## What to work on:
Images should not appear in the copy, yet every line of the listing below must be printed exactly.

## Raw data:
════════════════════

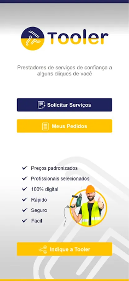 Through Tooler's app you can, in a 100% digital contract, request services from trained and qualified professionals to assist you with safety, quality and punctuality. And more: at Tooler, prices are standardized and you can see the evaluation of all providers!
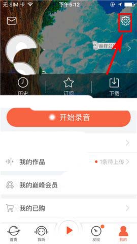 1)点开喜马拉雅FM,首先点击首页右下角处的【我的】,随后点击屏幕右上方的【设置】图标;(如下图)
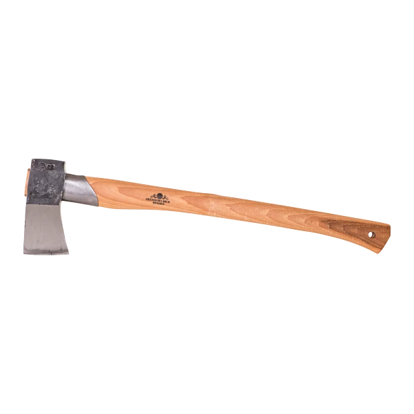The Small Splitting Axe can be used for cutting medium-sized firewood. It is forged and ground to a concave, quite thin blade at the bit. It cuts quickly and easily into the wood and then effectively splits it as the broader section pushes apart the wood. The handle has a protective steel collar below the head and circular grooves towards the end for an extra firm grip.

════════════════════

## Written solution:
 Through Tooler's app you can, in a 100% digital contract, request services from trained and qualified professionals to assist you with safety, quality and punctuality. And more: at Tooler, prices are standardized and you can see the evaluation of all providers!
 1)点开喜马拉雅FM,首先点击首页右下角处的【我的】,随后点击屏幕右上方的【设置】图标;(如下图)
The Small Splitting Axe can be used for cutting medium-sized firewood. It is forged and ground to a concave, quite thin blade at the bit. It cuts quickly and easily into the wood and then effectively splits it as the broader section pushes apart the wood. The handle has a protective steel collar below the head and circular grooves towards the end for an extra firm grip.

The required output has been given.